SLIMANI LEILA

Romancière française née le 3 octobre 1981 à Rabat (Maroc).

Leila Slimani est née d'un père banquier, haut fonctionnaire marocain et d'une mère franco-algérienne, médecin (ORL). 

Elle a passé son bac à Rabat, en 1999, puis a poursuivi ses études à Paris, au lycée Fénelon. Devenue journaliste, elle entre à Jeune Afrique puis s'en retire pour se consacrer à l'écriture romanesque, tout en restant pigiste. 
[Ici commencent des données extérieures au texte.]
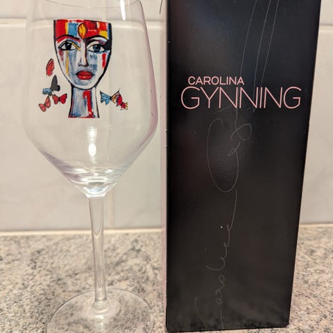 Två stycken Carolina Gynning rödvinglas , kan köpas separat för 150kr/st.
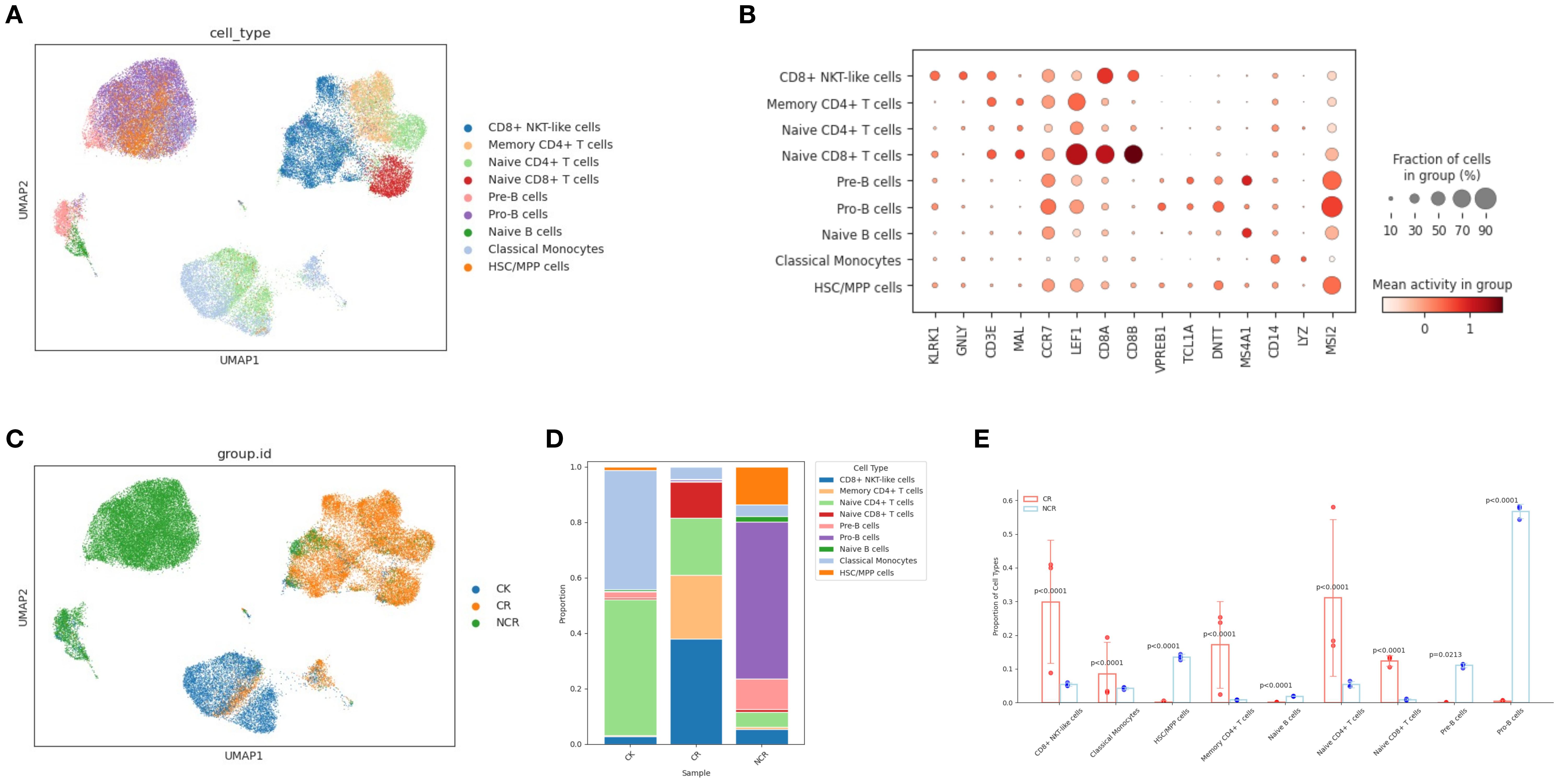 We then analyzed the relative proportions of cell clusters (Figures 1C, D). The cellular composition of the ALL remission group (CR group) is similar to that of the normal group (CK), with naïve CD4 T cells and CD8+ NKT-like cells being predominant. However, the cellular composition of the non-remission group (NCR group) is significantly different from the CR group, characterized by the highest proportion of Pro-B cells (p<0.0001), a marked increase in HSC/MPP cells (p=0.0001), and a significant decrease in naïve CD4 T cells (p=0.0002) and naïve B cells(Figure 1E).
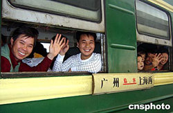 春運拉開帷幕,在廣東中山市打工的外來人員愉快登上廣州開往上海的三五○次春運臨時客車。今年廣州鐵路集團春運期間將安排一百四十二對臨客列車,接送返鄉過年旅客。作者:丁勇
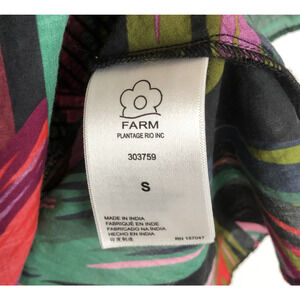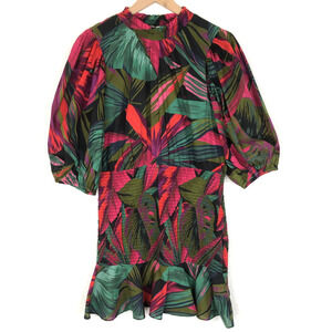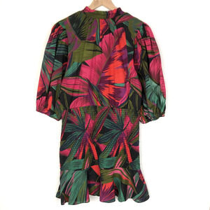 This FARM RIO Midnight Leaves Mini Dress in size Small is a colorful and vibrant piece perfect for summer, fall, and spring occasions. Made of 100% cotton woven fabric, this dress features a striking pattern, 3/4 puff sleeves, and a mock neck smocked neckline, bodice, and cuffs. Side zip.
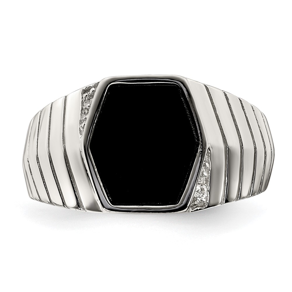 Sterling Silver Rhodium-plated Men's CZ & Onyx Ring
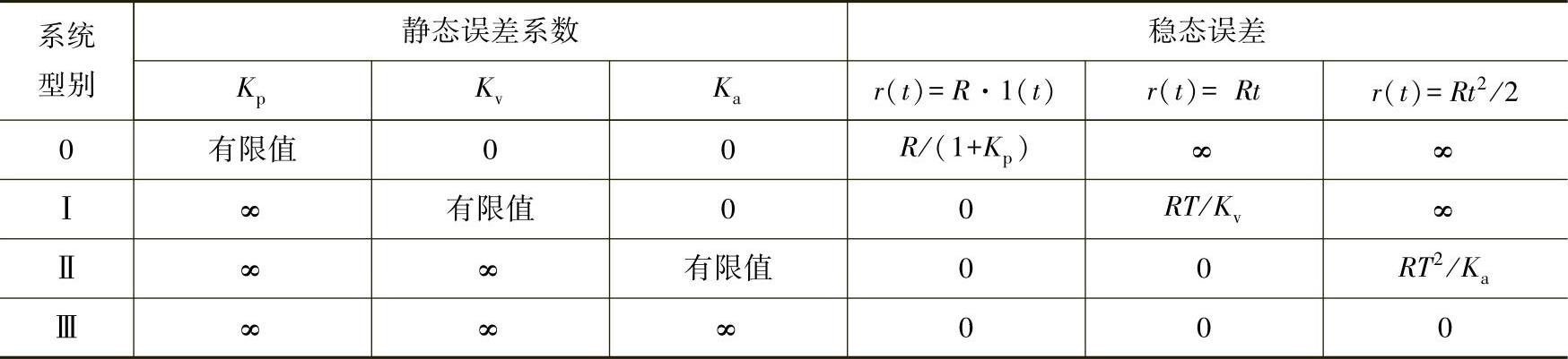 由 z 变换算子 z =e Ts 可知,如果开环传递函数 G ( s )有一个 s =0的极点,即一个积分环节,则与 G ( s )相应的 G ( z )必有一个 z =1的极点。在连续系统中,把开环传递函数 G ( s )具有 s =0的极点个数作为划分系统型别的标准。因此,在离散系统中,也可以把开环脉冲传递函数 G ( z )具有 z =1的极点个数 ν ,作为划分离散系统型别的标准。类似地,把 G ( z )中 ν =0,1,2,…的系统,称为0型、Ⅰ型、Ⅱ型…离散系统等。

En 2014, elle publie son premier roman, "Dans le jardin de l'ogre", et, deux ans plus tard, elle décroche le gros lot avec le Goncourt pour "Une chanson douce"  (voir ci-contre). 

Amie et soutien d'Emmanuel Macron, Leila Slimani appartient à l'establishment franco-marocain, situation sociale et financière qui favorise la sérénité chez un écrivain qui peut se consacrer à l'écriture sans penser aux contingences du quotidien. "Une chanson douce" peut être classé dans le genre polar, même si le jury du Goncourt s'y est intéressé. Auparavant, Pierre Lemaître, auteur de polars, avait lui aussi été récompensé par ce prestigieux trophée, même si l'oeuvre distinguée n'avait rien de commun avec le genre.  

Une chanson douce avec... beaucoup d'aigüs !

Le Prix Goncourt de "Chanson douce" a lancé Leila Slimani dans le grand bain de la littérature contemporaine. C'est un des bons millésimes des récents Goncourt, avec Houellebecq, Pierre Lemaître et quelques autres. 

"Une chanson douce" raconte l'histoire d'une baby sitter qui a de très gros problèmes psychologiques. Comme tous ces genres de personnages, elle se présente comme une "perle" dans les premières pages du livre. Et puis, peu à peu, sa névrose obsessionnelle apparaît, pour finir par le drame que l'on sait... puisque, dès le début du livre, l'auteure tue le suspense... et les deux enfants, dont la baby sitter a la responsabilité. Et elle ne fait pas dans la dentelle ! 

On l'a compris, tout l'intérêt du livre tourne autour de la personnalité de la baby sitter, ainsi que de la progression graduelle de son obession. Et là, chapeau ! C'est très bien fait. Le dosage est parfait. On commence en rose bonbon et l'on finit par l'horreur, rouge sang ! La prise de conscience des parents, écartelés entre leur vie professionnelle et privée, est aussi très intéressante car elle oscille entre lâcheté et incrédulité. La vérité qu'on ne veut pas voir car elle vous arrange. 

Un roman pas follement réjouissant mais très intéressant./

"Une chanson douce" de Leila Slimani (Gallimard). Ma note :  18/20.